Background: Heat shock protein 47 (HSP47) is an intracellular chaperone protein with an indispensable role in collagen biosynthesis in collagen-secreting cells. This chaperone has also been shown to be released and present on the surface of platelets. The inhibition of HSP47 in human platelets or its ablation in mouse platelets reduces platelet function in response to collagen and the glycoprotein (GP) VI collagen receptor agonist CRP-XL.

Objectives: In this study, we sought, through experiments, to explore cellular distribution, trafficking, and influence on GPVI interactions to understand how HSP47 modulates collagen receptor signaling.

Methods: HSP47-deficient mouse platelets and SMIH- treated human platelets were used to study the role of HSP47 in collagen mediated responses and signaling.

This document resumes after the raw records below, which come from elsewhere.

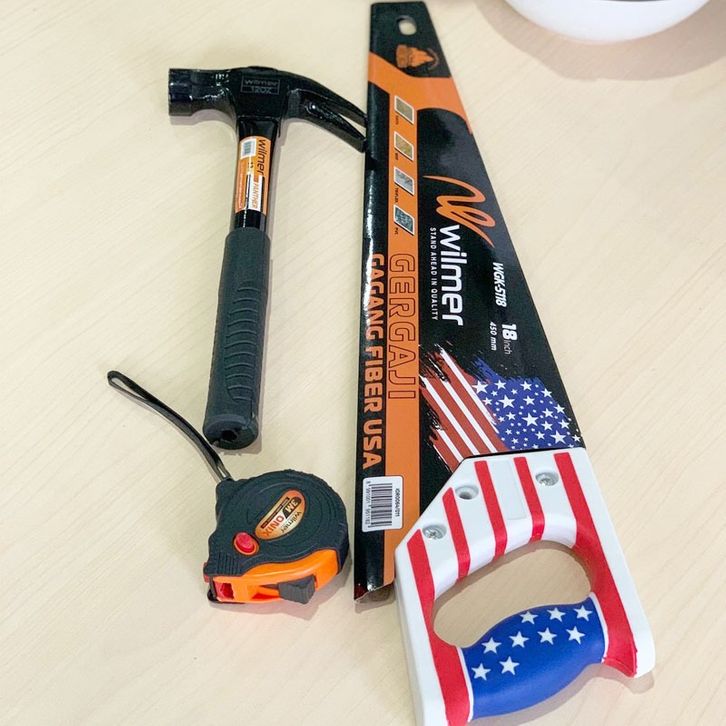 PAKET HEMAT 3 ITEM GERGAJI KAYU/DAHAN/RANTING/BAMBU 16 INCH + PALU 12 OZ+ METERAN 5 METER TEKIRO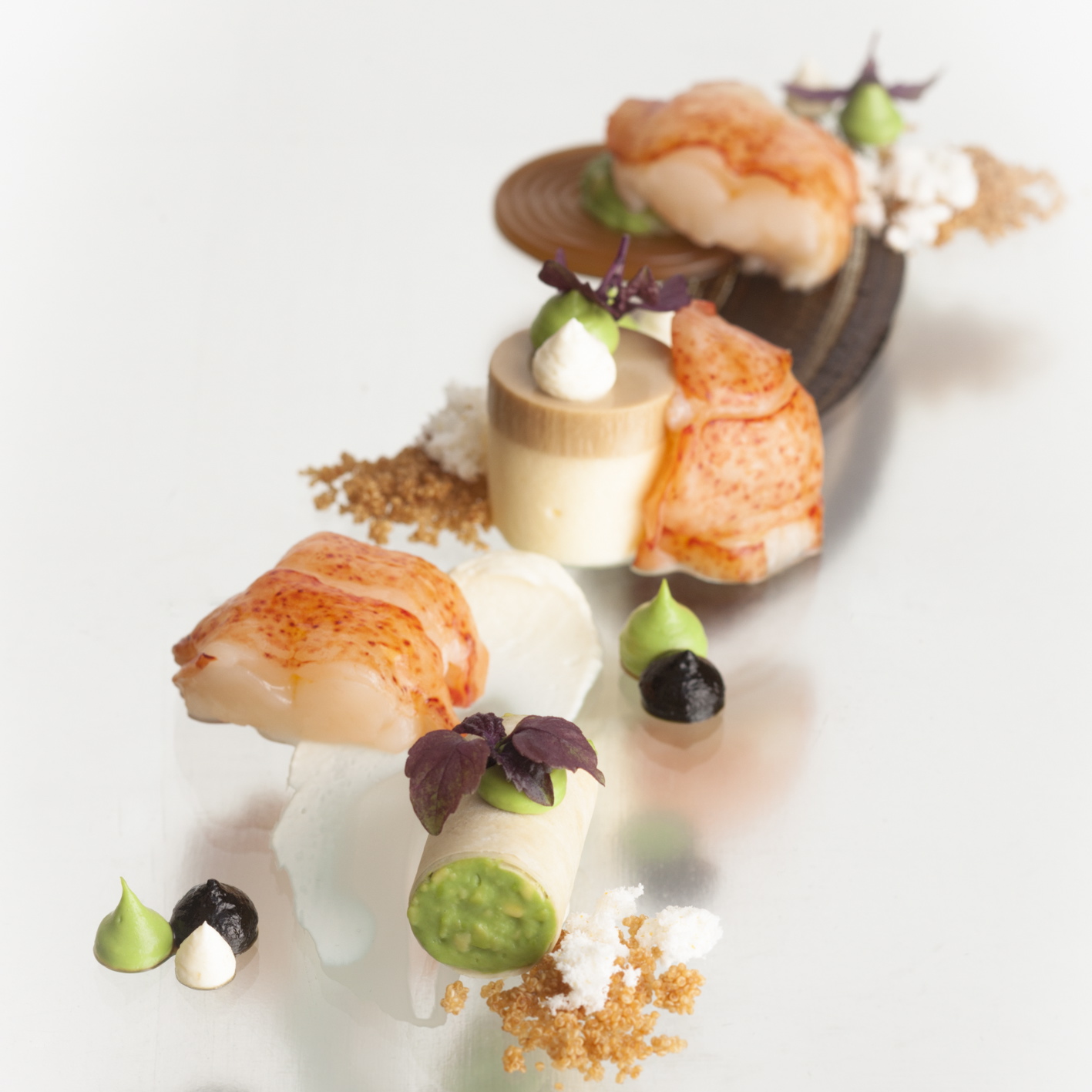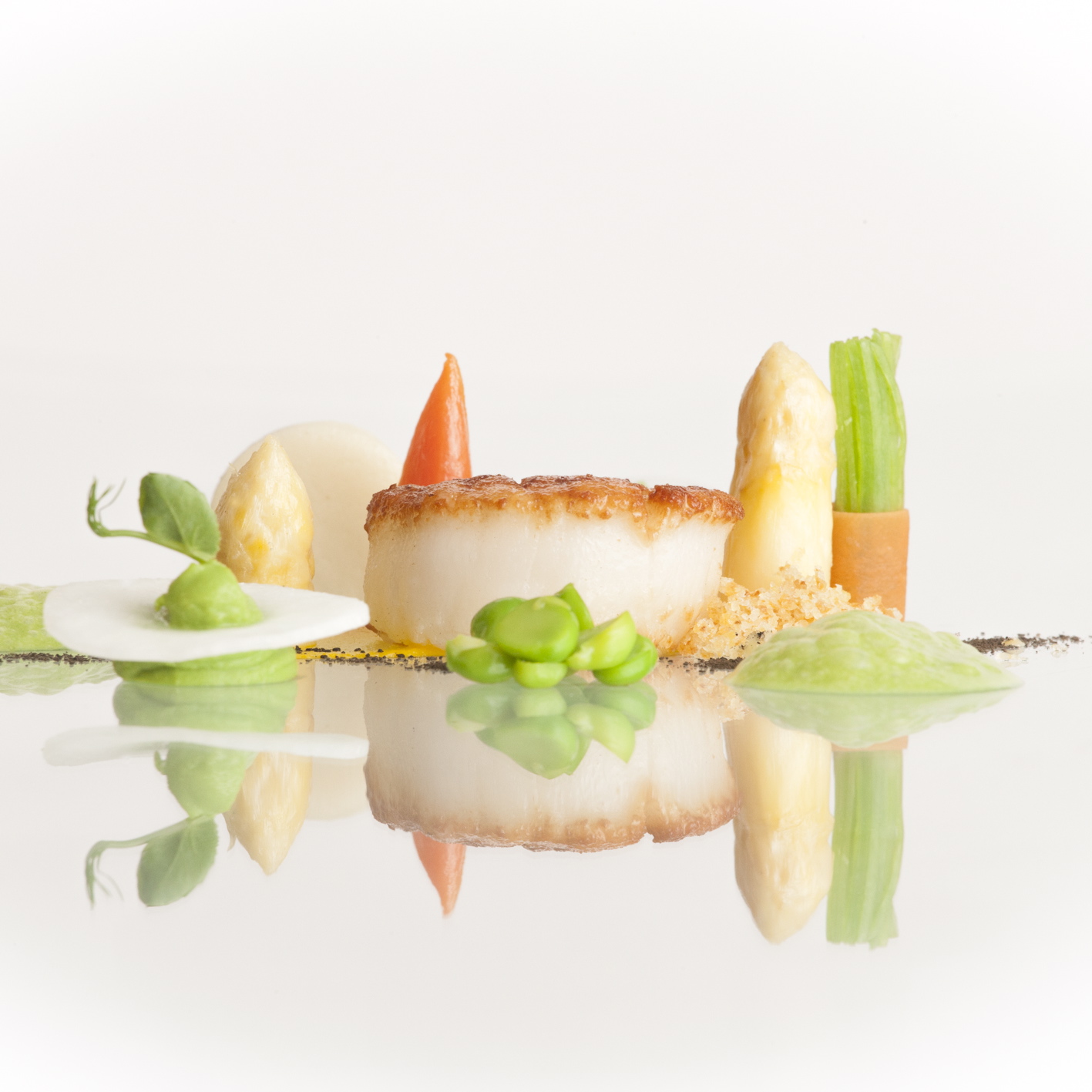 Immediately we got offered small appetizers that wowed us by their visual appearance and their taste. Among them was a tiny crispbread with beef tartare and a 1000-year old egg. Just heavenly! The Amuse-Gueule was a brilliant follow-up and a befitting prelude for the coming courses like the ‘Lobster from Brittany with fermented garlic and Verbena’, `Scallops in Peavelouté with Carrot, Asparagus and Cabbage Turnip’ or ‘Morgan Ranch Kobe Beef with Ginger and Piment’.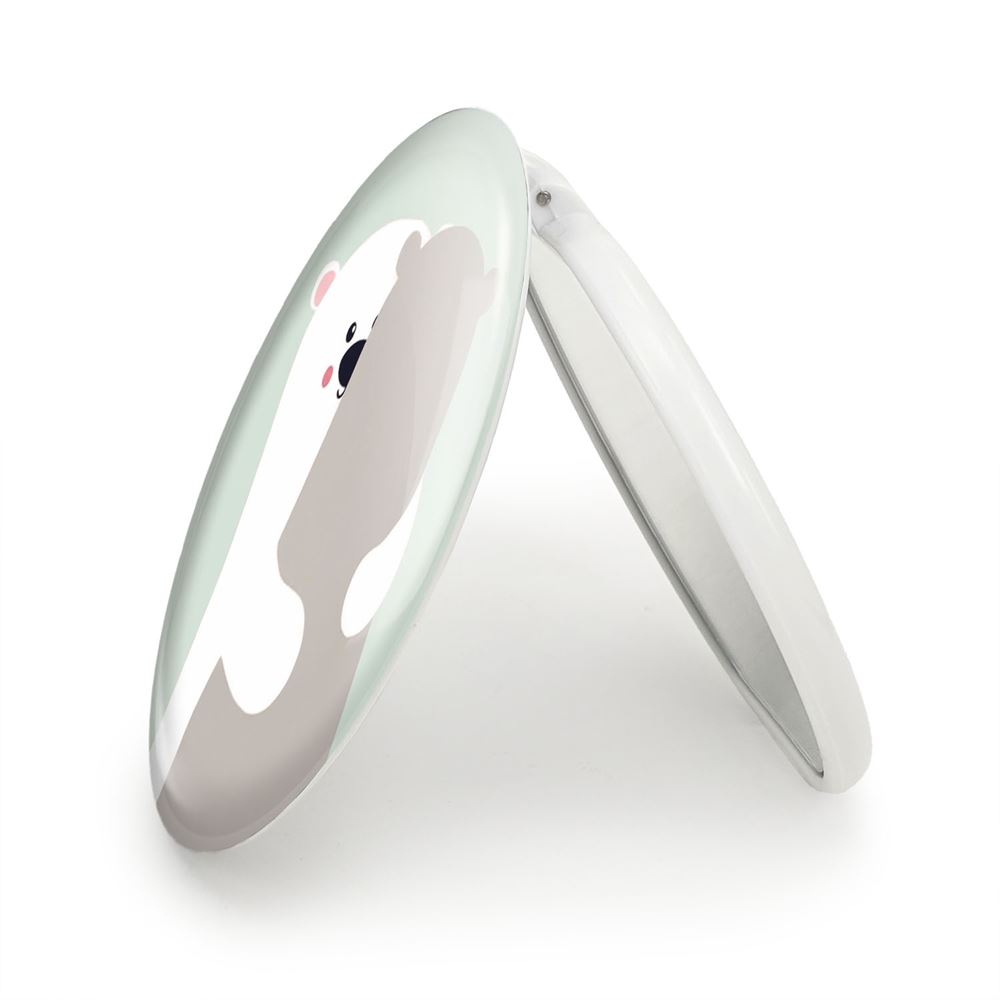 آینه های تاشو خرس خندالو، از جنس پلاستیک فشرده ABS تولید شده و به رنگ سفید می باشد. یکی از آینه ها ابعاد واقعی را نشان داده و دیگری با قابلیت بزرگنمایی، جزئیات را بهتر نمایش می دهد.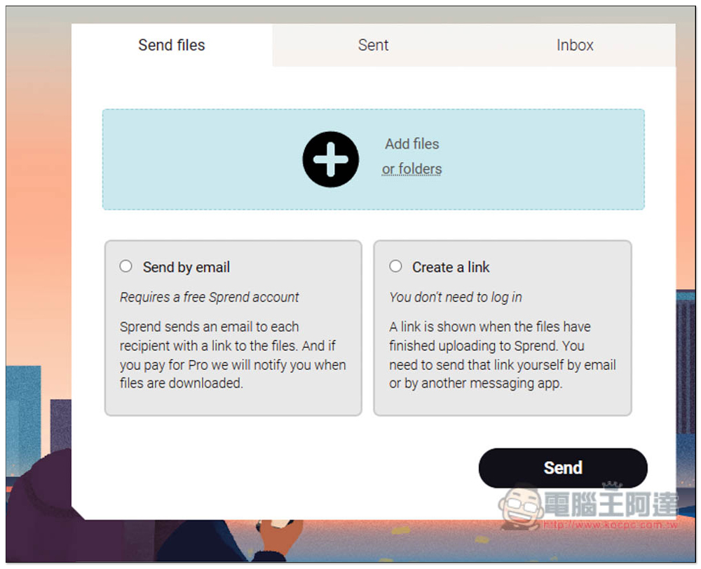 點擊上方連結進到 Sprend 網站後,就可以把你要分享的檔案或資料夾拖曳進來,也能點擊 + 符號來手動選擇。而分享方式有兩種,「Send by email」和「Create a link」,Send by email 需要註冊才能使用,Create a link 則不需要,就看你的需求: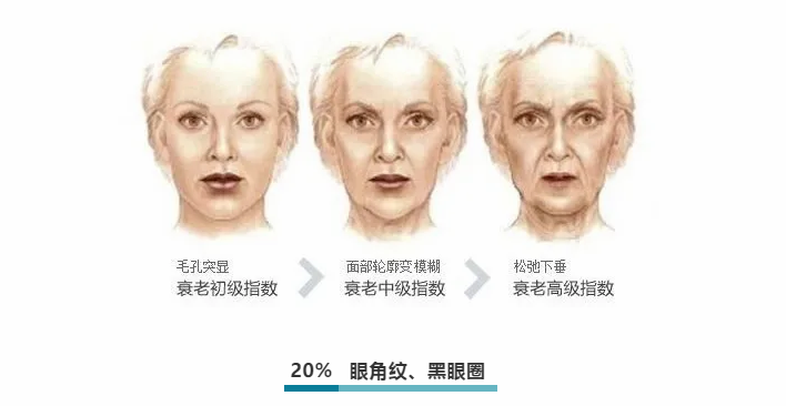 一般从25岁开始,人体就进入了衰老阶段。脸部的衰老,首先就是眼周的衰老。眼周松弛,出现细纹,毛孔粗大,有较淡的色斑,熬夜后更容易出现黑眼圈,且不易恢复。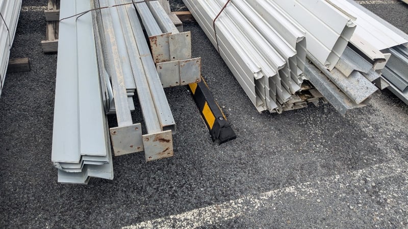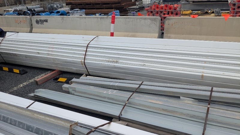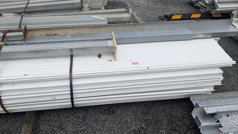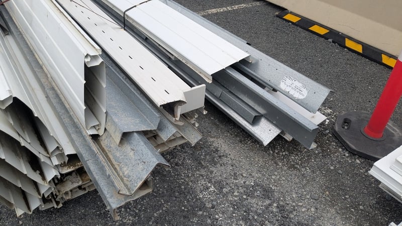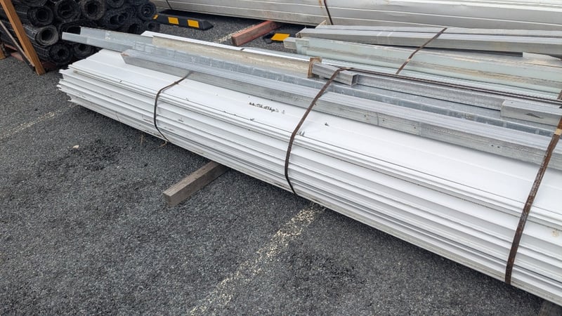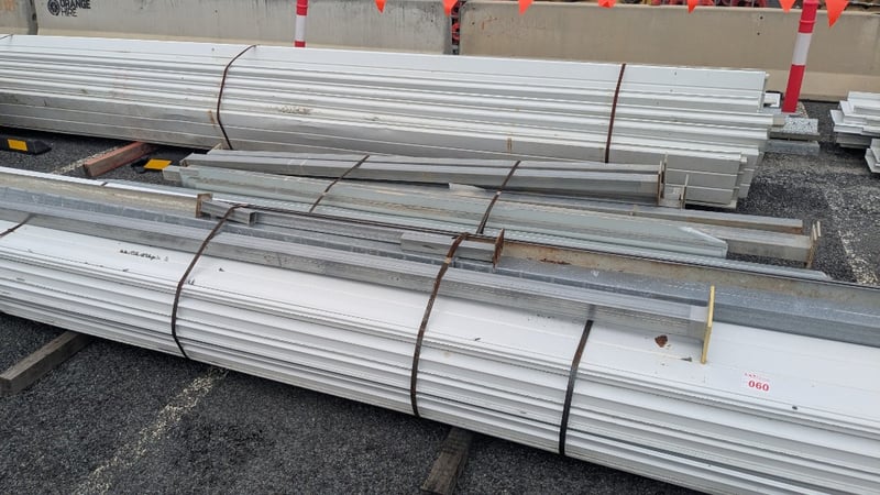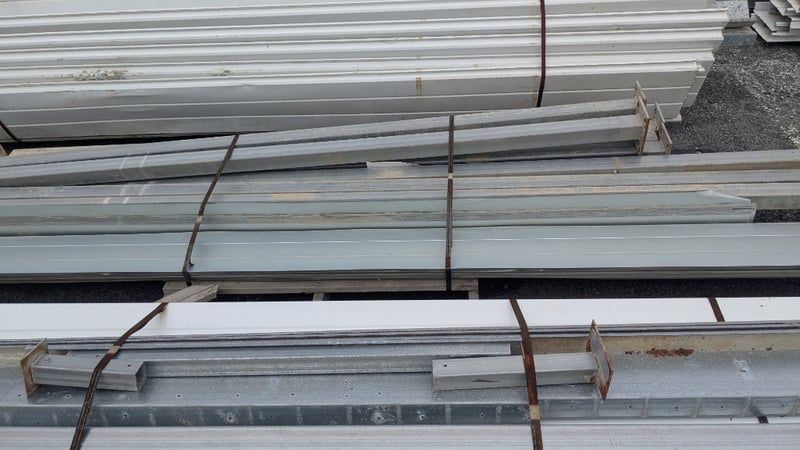 Assorted Metal Roofing Components, Includes Panels, and Galvanized Bracing, Quantity to Stacks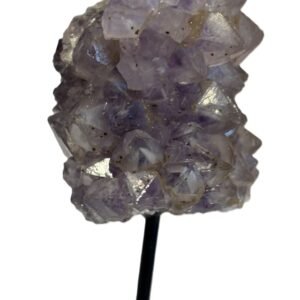 Discover the captivating beauty of this amethyst freeform on a metal stand, a remarkable specimen boasting rich, deep purple tones and an impressive natural formation. Its intricate structure and vibrant colour make it an ideal addition to any crystal collection.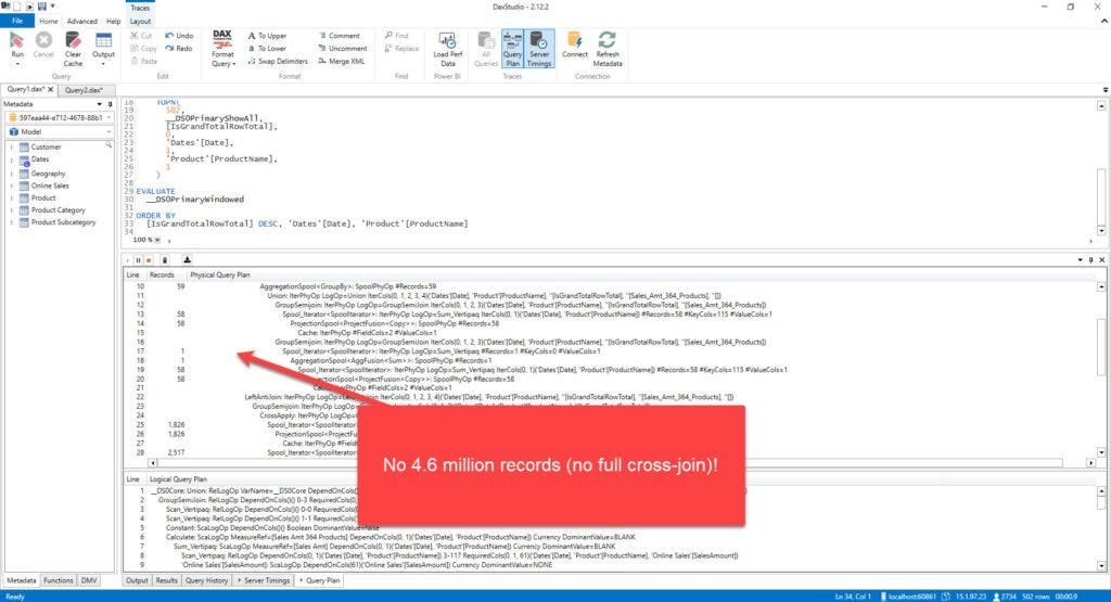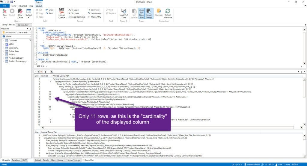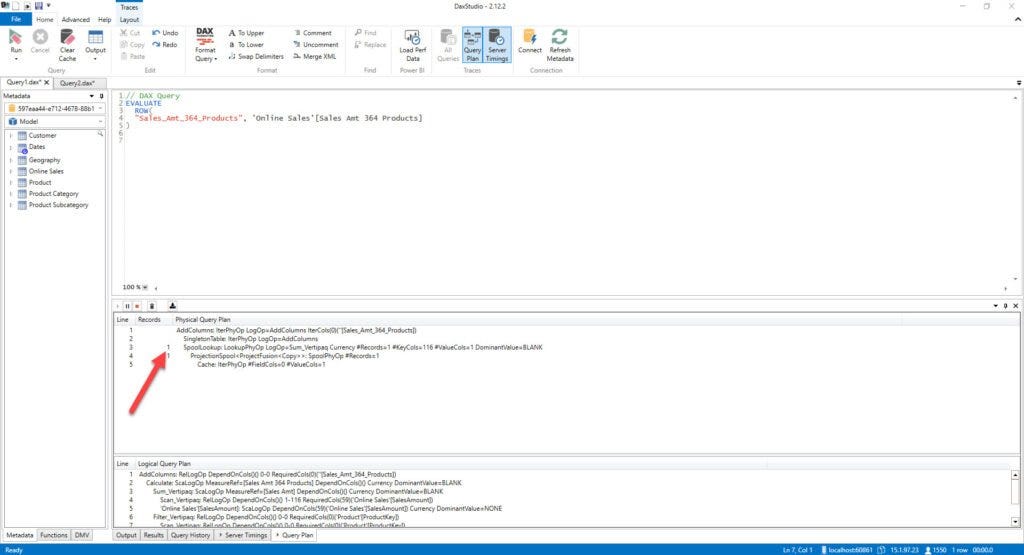 Hm, looks like we didn’t have to pay any penalty in terms of performance. Let’s check the query plan for this DAX query: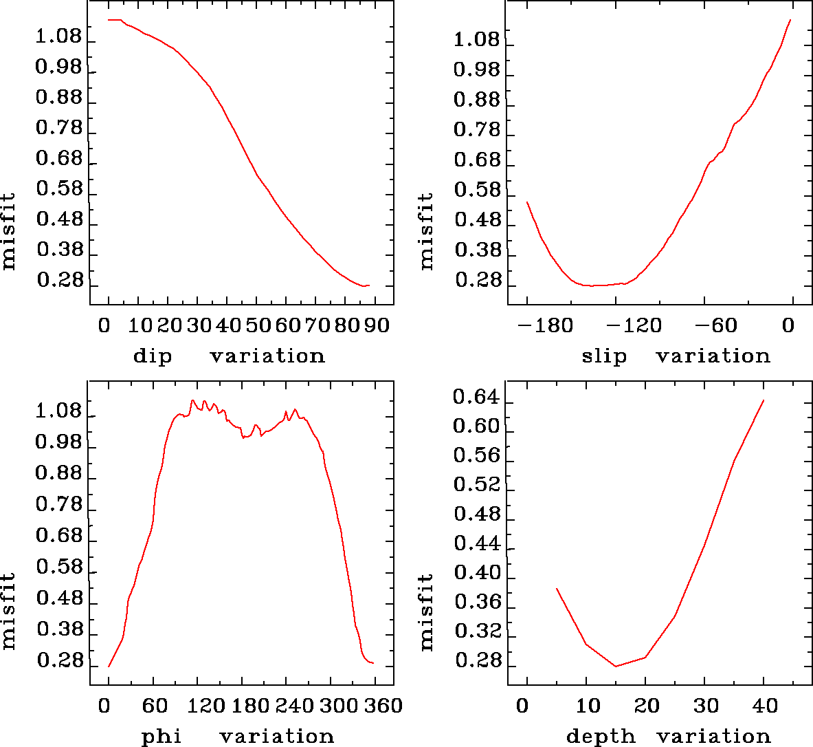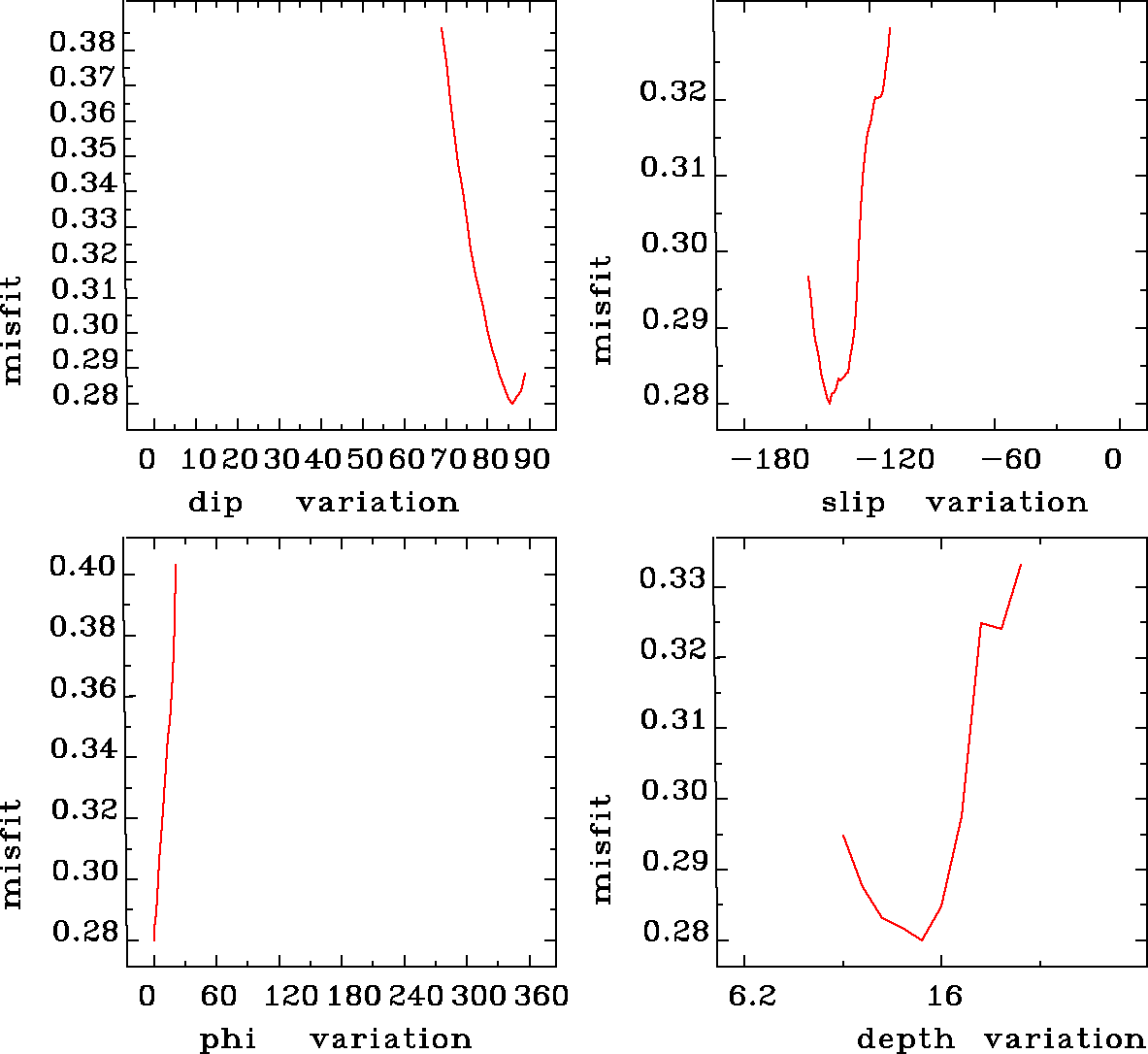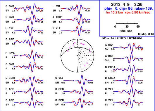 | strike | dip | rake | seismic moment | |

Results: Using subcellular fractionation analysis and immunofluorescence microscopy, HSP47 was found to be localized to the platelet-dense tubular system. Following platelet stimulation, HSP47 mobilization to the cell surface was shown to be dependent on actin polymerization, a feature common to other dense tubular system resident platelet proteins that are released to the cell surface during activation. In this location, HSP47 was found to contribute to platelet adhesion to collagen or CRP-XL but not to GFOGER peptide (an integrin α2β1-binding sequence within collagens), indicating selective effects of HSP47 on GPVI function. Dimerization of GPVI on the platelet surface increases its affinity for collagen. GPVI dimerization was reduced following HSP47 inhibition, as was collagen and CRP-XL-mediated signaling.

Conclusion: The present study identifies a role for cell surface-localized HSP47 in modulating platelet responses to collagen through dimerization of GPVI, thereby enhancing platelet signaling and activation.